Tao suggested to flush the health service state and cache of the ill management server. Now this is one last hope of beacon for us SCOM admins which will perform below tasks.

  1. Stops the System Center Management service.
  2. Deletes the health service store files.
  3. Resets the state of the agent, including all rules, monitors, outgoing data, and cached management packs.
  4. Starts the System Center Management service.

This task leaves no reference to itself as it deletes the cached data in the health service store files, including the record of this task itself.

All you have to do is follow 1>2>3>4 as per below screenshot.

SCOM Network Discovery Failure 2

Now that I’ve done so, I’ve created a brand new network discovery rule for the second management server and let it run for the first time and wait. It did really worked and all I could see was the devices that are discovered with much joy.

SCOM Network Discovery Failure 4

Now looking back at the event log I could see the traces of a successful network discovery.

SCOM Network Discovery Failure 3 revised

Now let’s hear a big round of applause for Master Tao Yang the hero that saved my day.

Health Explorer missing in SCOM Console

During a recent adventure to SCOM world I’ve faced one of the strangest of issues.

I installed the SCOM console to a Windows 8 Professional x64 laptop for a customer and the console seems to be fully functional but right clicking any alert and selecting Open > Health Explorer didn’t seem to be working. Below are the steps that I immediately did to check the issue.
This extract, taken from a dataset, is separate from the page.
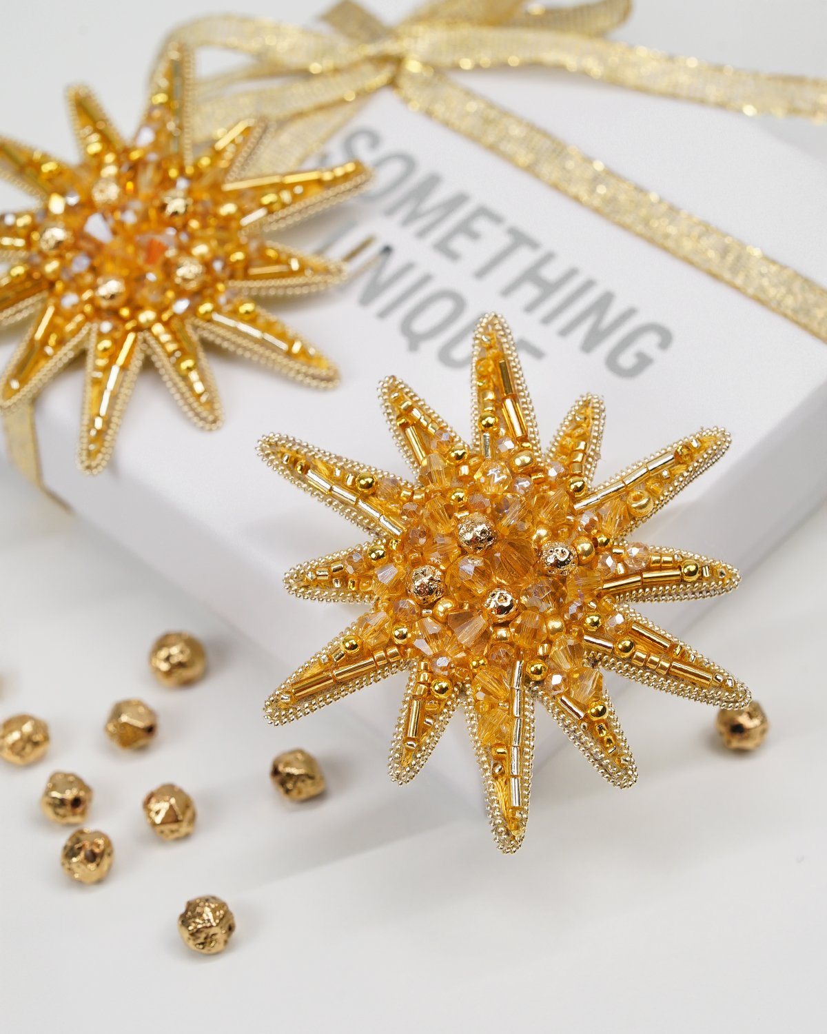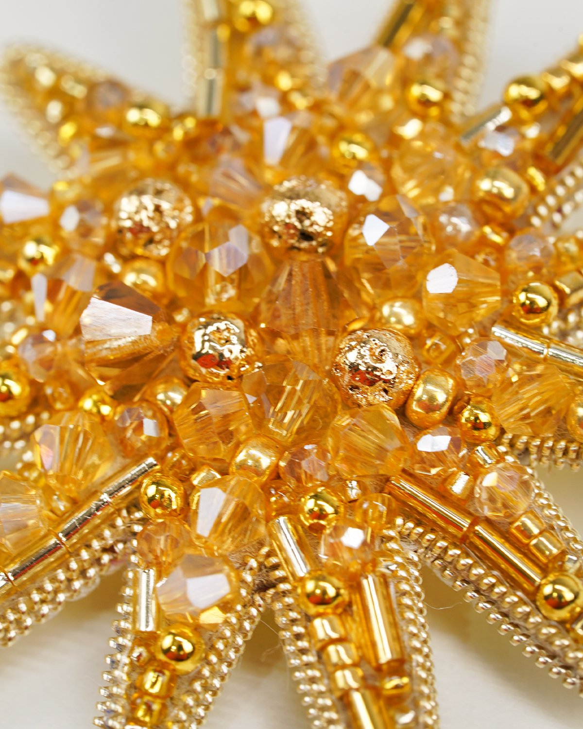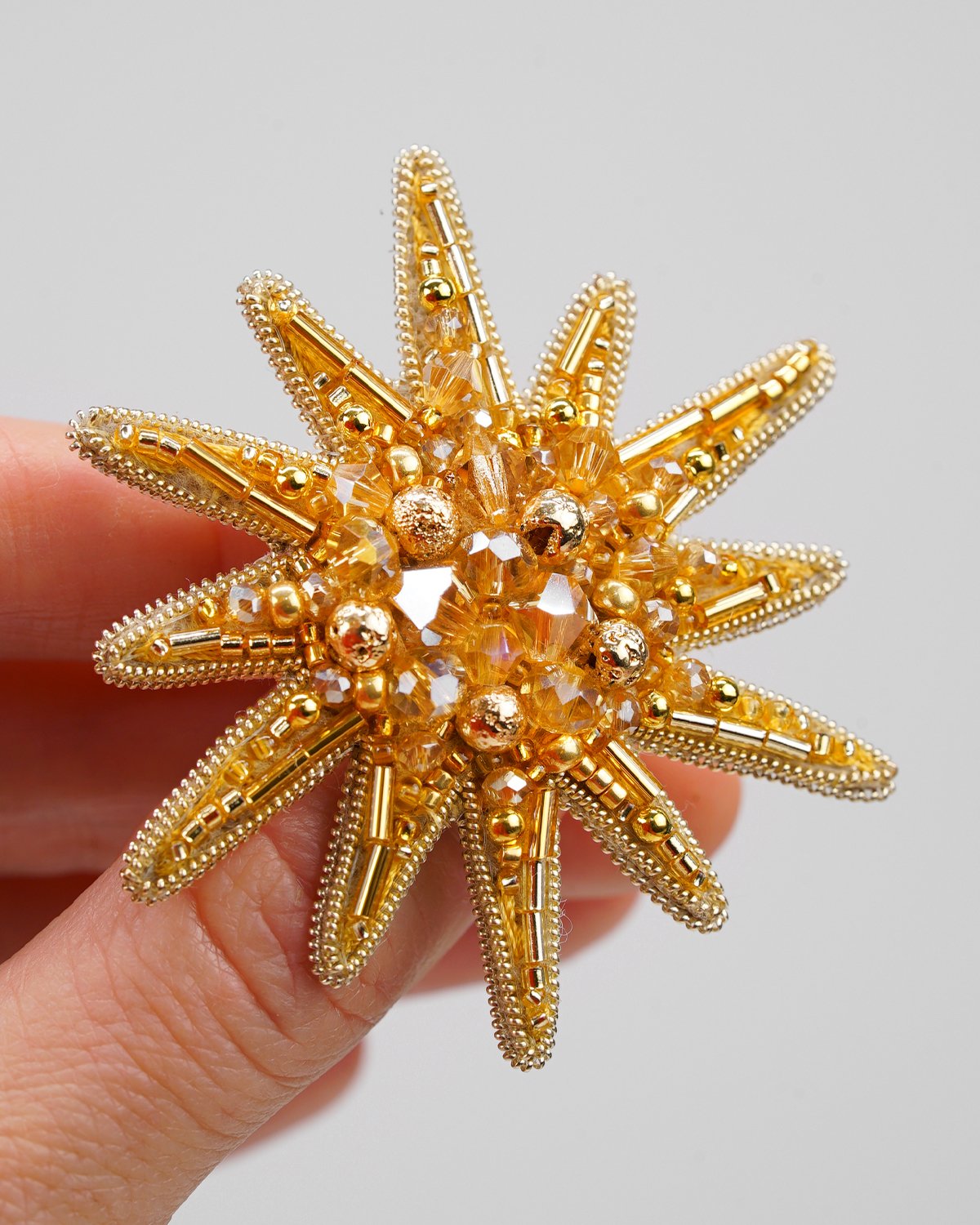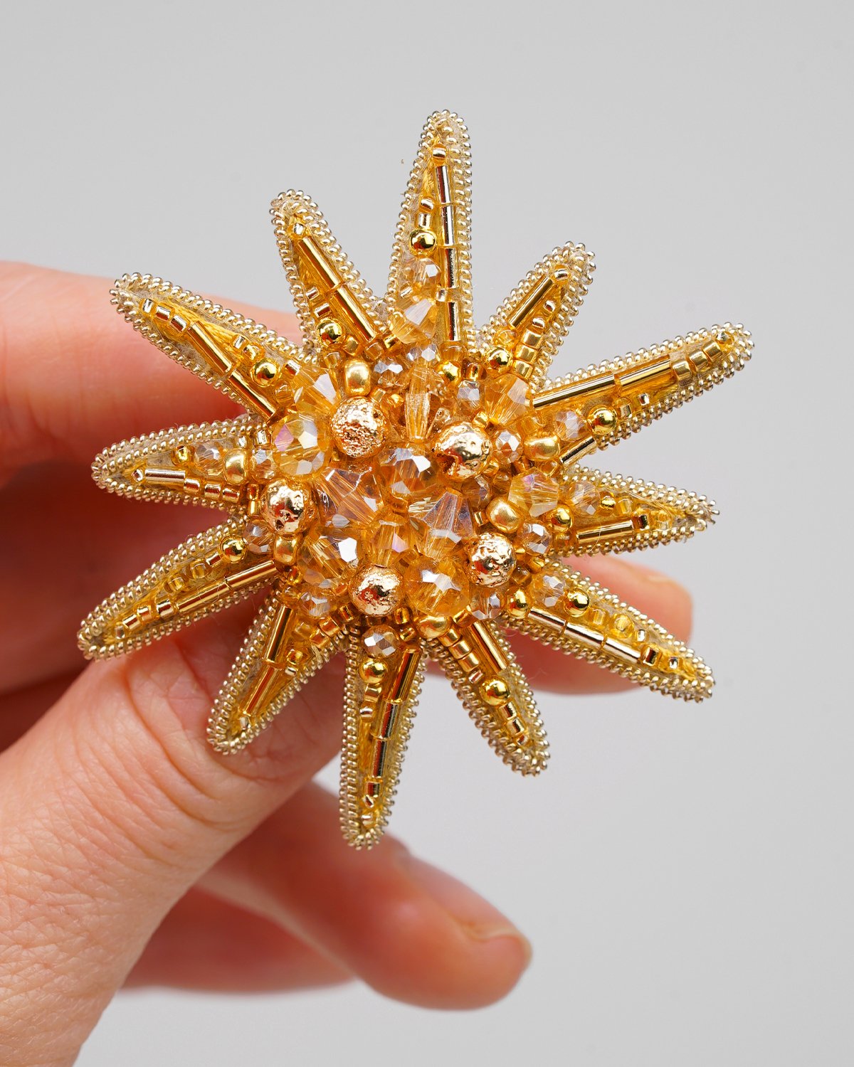 A handcrafted Gold Beaded Sun Brooch featuring a symbolic 12-ray star representing harmony and wholeness. Made with Swarovski crystal beads, faceted glass beads, and metal elements, this radiant piece shines like a real sun and adds warmth and meaning to any outfit.

  • Installed the same console in a Windows 8.1 x64 PC and there was nothing wrong with it.
  • Checked whether the Operations Console UR was updated. On both PCs console has been upgraded with UR4 to match the UR version in Management Servers.
  • Checked the logs and found out nothing out of the ordinary.
  • Checked out the regular devil .NET Framework compatibility. According to MSFT SCOM supports below .NET versions.
System Center 2012 R2 component .NET 3.5 SP1 .NET 4 .NET 4.5 .NET 4.5.1
Operations Manager Management Server
Operations Manager Data Warehouse Management Server
Operations Manager Gateway Server
Operations Manager Web Console
Operations Manager Reporting Server
Operations Manager Operations Console

An MVP friend of mine Dieter Wijckmans suggested one important check that I missed.

Clearing the SCOM console cache

You can always clear the OpsMgr cache if things go awol in the console. To do that enter below in a Run window.

“C:\Program Files\Microsoft System Center 2012 R2\Operations Manager\Console\Microsoft.EnterpriseManagement.Monitoring.Console.exe” /clearcache

The /clearcache option will clear the cache and re-opens the SCOM console.

This small step saved many hours of troubleshooting for me.